Но только она ступила на перрон, грубоватое приветствие брата: — Мака, дорогуша! Гено, привет! — и поцелуй, разящий вином, испортили ей настроение. Она испытующе заглянула в глаза Бичико.
— Погоди, дай зятька обнять! — отмахнулся тот, протягивая Гено обе руки, но Мака повернула его к себе.
— Бичи, посмотри на меня!
— С превеликим удовольствием! Лучшего зрелища тут все равно не найти.
— Почему ты меня встречаешь?
— Сразу видно, что она не избалована твоим вниманием, — улыбнулся Гено.
— Встречаю родную сестру и зятя. Что тут плохого?!
— Как отец, Бичи?
— Точно так, как тебе писали. Ни хуже, ни лучше.
— Операцию сделали?
— Нет. Без тебя не соглашается.
— Скажи мне правду!
— Вот еще! — возмутился Бичико. — Поклясться мне, что ли?
— В самом деле, Мака, — вступился Гено. — Что ты пристала к человеку?
Они вышли на привокзальную площадь.
— Транспорт ждет! — торжественно объявил Бичико и повел зятя к машине, стоящей в тени акации.
Мака замедлила шаг.
— Не встречал — обижалась, — Бичико, ища понимания, обернулся к Гено, — встретил — опять обижается…
Мака не хотела больше ни о чем спрашивать брата, но все-таки не удержалась:
— Отец дома лежит или в больнице?
— Дома. Без тебя никуда ни шагу. Нам с мамашей ноль внимания.
Бичико распахнул дверцу светло-коричневой «Победы» и отступил на шаг.
— Чья машина? — спросила Мака.
— Сейчас моя…
— Бичи, не валяй дурака!
— Гено, скажи, пожалуйста, разве я валяю дурака? Приглашаю в лимузин единственную горячо любимую сестру, хочу с почестями доставить в родительское гнездо, к мамаше и папаше…

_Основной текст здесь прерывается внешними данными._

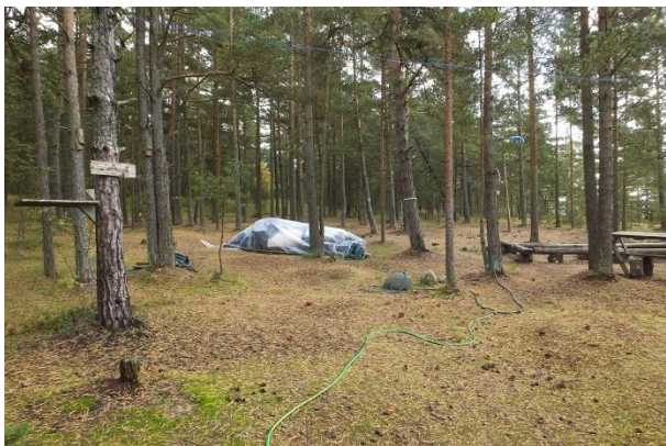
Tegevus Metsaranna kinnistul, elupaigas PRA_04:2180/D. Puistu on säilinud, kuid taimkate tugevalt ületallatud. Puistu võiks olla ka hõredam (säilitada erivanuselisuus!), kuid maapind peaks vähemalt laiguti olema kaetud püsitaimekattega.

— Без шофера, что ли, машина? — спросил Гено.
— Я и шофер, и хозяин. И жнец, и швец, и на дуде игрец…
— Бичи, ты выпивши садишься за руль?
— Ну-у, теперь нотации!..
— Скажи хоть, в чью машину нас приглашаешь?

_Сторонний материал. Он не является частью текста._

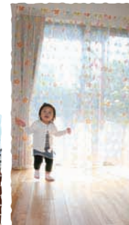
光いっぱいの子供部屋

Interview 沢山の壁紙を 使っていますね? そうですね、けっこう冒険して ました!わたしは迷ってしまうので、 パパがほとんど決めたのですが、子供 部屋は大きくなって大丈夫なように クローゼットの中だけ落ち着いた感じ のディズニープリンセスにしてみま した。子どもたちも大喜びでよかったです!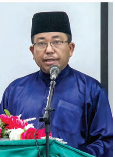
TIMBALAN Setiausaha Tetap (Dasar dan Keagamaan), Kementerian Hal Ehwal Ugama ketika berucap.

BANDAR SERI BEGAWAN, Selasa, 11 Februari. - Muzakarah Pengkursus Ibadat Haji yang diadakan diakhiri dengan Majlis Penutup Kursus bertempat di Dewan Multaqa, Lantai Bawah, Bangunan Tambahan, Kementerian Hal Ehwal Ugama.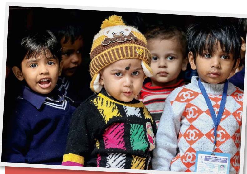
Kinder aus dem Stadtviertel Dakshinpuri in der indischen Hauptstadt New Delhi.

Unterstützt wird diese Arbeit von Brot für die Welt: ANKUR ist eine der vielen Partnerorganisationen. Für die Arbeit von ANKUR in Delhi und für zahlreiche weitere Projekte sammeln Kirchengemeinden treu Kollekte – Jahr für Jahr, seit vielen Jahrzehnten. Auch damit helfen wir, helfen Sie, die Geschichte von Gott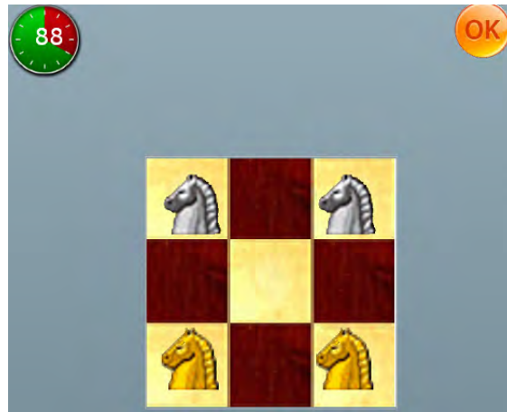
Figura 1. Juego de ingenio Four Knights.

— Что говорить? Всему свое время… Садитесь, садитесь, чудаки! В первый раз вижу таких пассажиров! — Бичи с веселым возмущением взмахнул руками и сел за руль. — Хозяин тут рядом.
Мотор заработал. Машина дернулась, отъехала на несколько шагов и остановилась.
— Пусть едет, Гено! — сказала Мака. — Оставь…
— Теперь поздно его воспитывать, — возразил Гено. — Садись.
Только Мака протиснулась к двери, как ей почему-то ужасно захотелось выбраться назад, остаться, — но было поздно: машина сорвалась с места, Мака неловко, как-то боком упала на сиденье и отвернулась от брата.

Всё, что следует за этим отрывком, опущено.